*** Exercise data ***

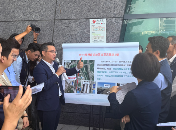 立法院交通委員會今日赴臺中實地考察多項交通建設,副院長江啟臣及多位立法委員出席,並承諾協助中央資源挹注,協力打造中臺灣便捷交通路網。黃副市長指出,高鐵臺中站為城市重要門戶,鄰近台74線、國道1號及國道3號,捷運綠線亦匯集於此,人口與車流日益增加,道路容量與設施負荷持續升高。市府期盼中央支持經費補助,改善交通瓶頸並提升道路運輸效率。
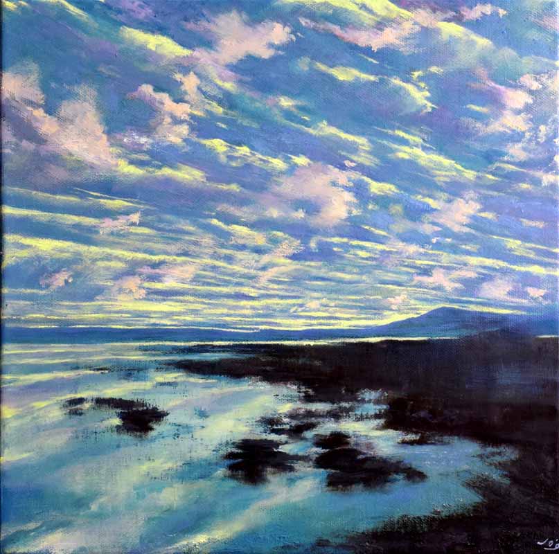 The sky and water are absolutely stunning, but I particularly like where the painting of the ground is rubbed or scratched back to create that roughness. The contrast between the clarity in the sky and water and the slightly blurred earth is lovely. Love the bluish land beckoning in the distance. Beautiful brush work, palette, and marriage of elements. This is suffused with energy and serenity. I can feel the air and smell the land and water. So calm and hopeful.
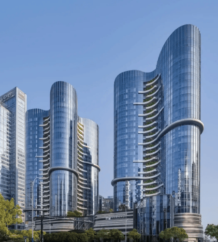 建筑形态:2 栋 27 层双子塔(流线型 “三叶草” 造型),总建面约 9.5 万㎡,仅 123 席纯大平层
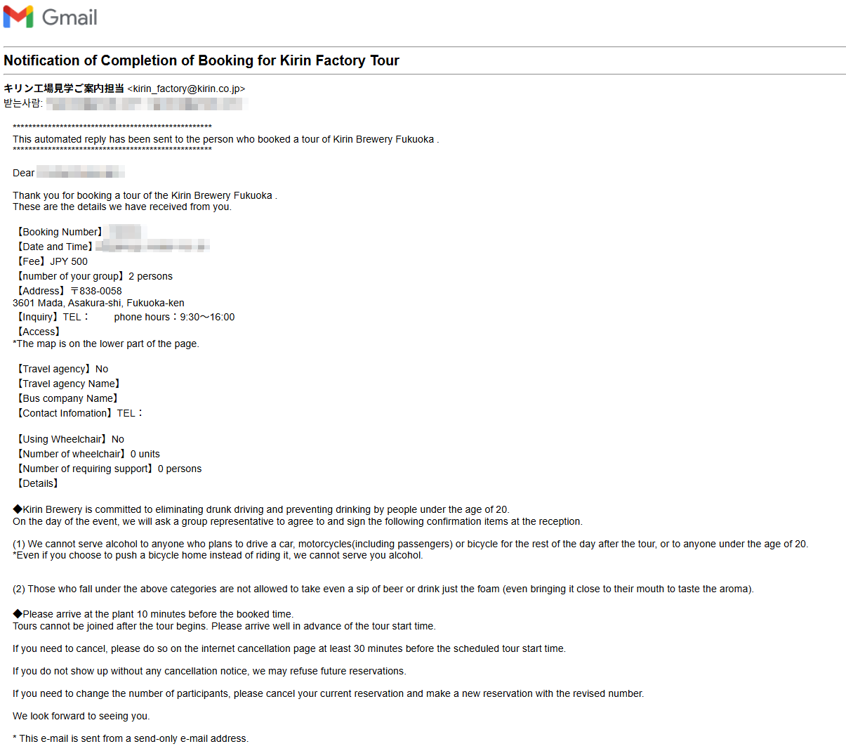 후쿠오카에는 일단 기린 맥주공장만 있다고 보시면 될 것 같습니다.
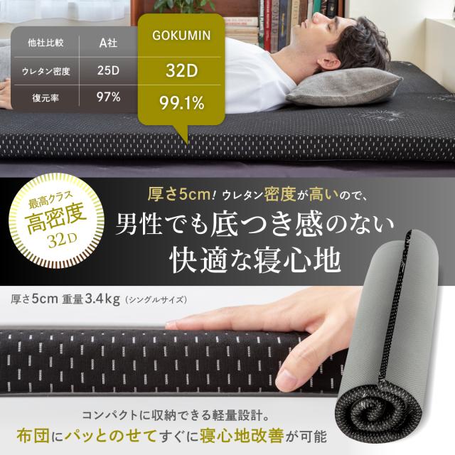 マットレス シングル(幅97×縦195×厚さ5cm) 男のマットレス 高反発マットレス 腰痛 マットレス ベッドマットレス マットレストッパー ウレタンマットレス
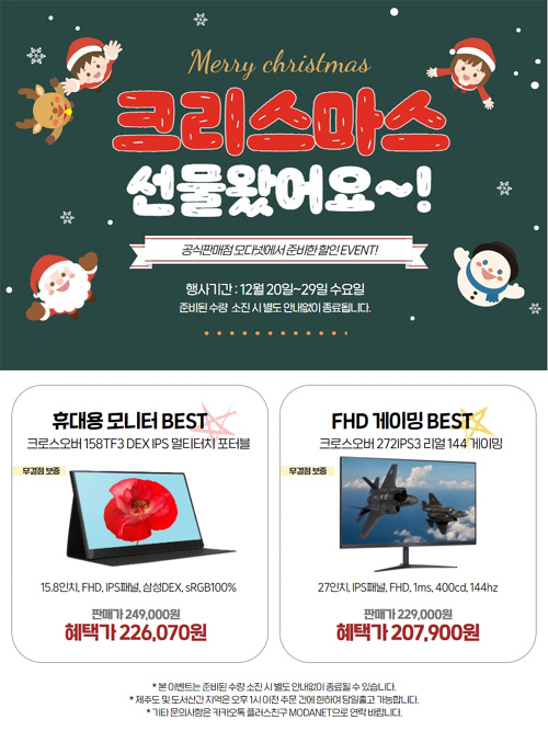 크로스오버는 자사의 인기 게이밍 모니터 20종을 대상으로 위메프 12월 월간가전 특가전을 실시한다.
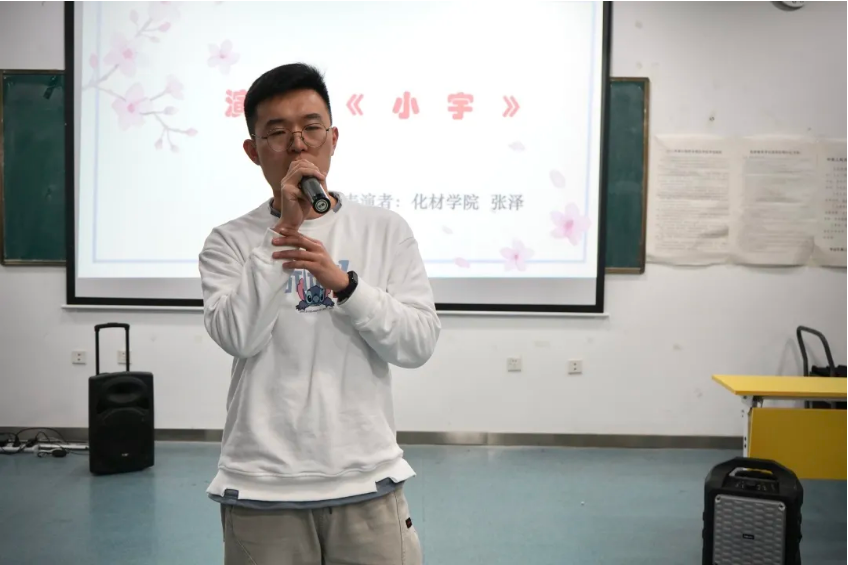 化学与材料科学学院的张泽同学为大家倾情演奏了张震岳的《小宇》,歌声温柔纯净,单纯的美好悄悄融化了大家的心。
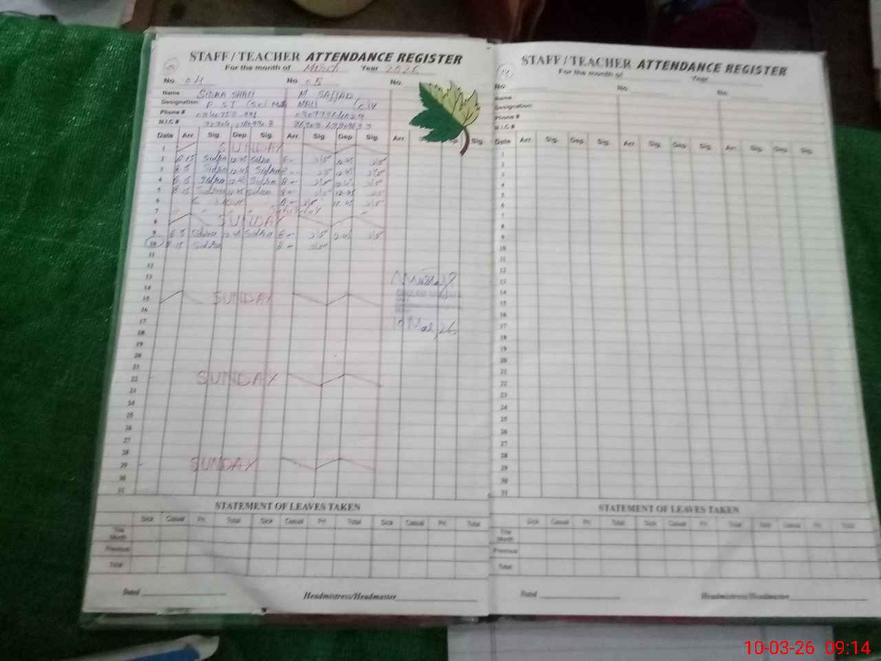 | Name: ZA**** ZA**** Designation: (School Headmaster's/Headmistress's) INCHARGE Phone/Cell Number: 03**** |

*** End of Exercise data ***

- To do:
Where the line containing "후쿠오카에는 일단 기린 맥주공장만 있다고 보시면 될 것 같습니다." appears above, start there and set down each line exactly through the last line of the data; leave out every picture.

- Task answer:
 후쿠오카에는 일단 기린 맥주공장만 있다고 보시면 될 것 같습니다.
 マットレス シングル(幅97×縦195×厚さ5cm) 男のマットレス 高反発マットレス 腰痛 マットレス ベッドマットレス マットレストッパー ウレタンマットレス
 크로스오버는 자사의 인기 게이밍 모니터 20종을 대상으로 위메프 12월 월간가전 특가전을 실시한다.
 化学与材料科学学院的张泽同学为大家倾情演奏了张震岳的《小宇》,歌声温柔纯净,单纯的美好悄悄融化了大家的心。
 | Name: ZA**** ZA**** Designation: (School Headmaster's/Headmistress's) INCHARGE Phone/Cell Number: 03**** |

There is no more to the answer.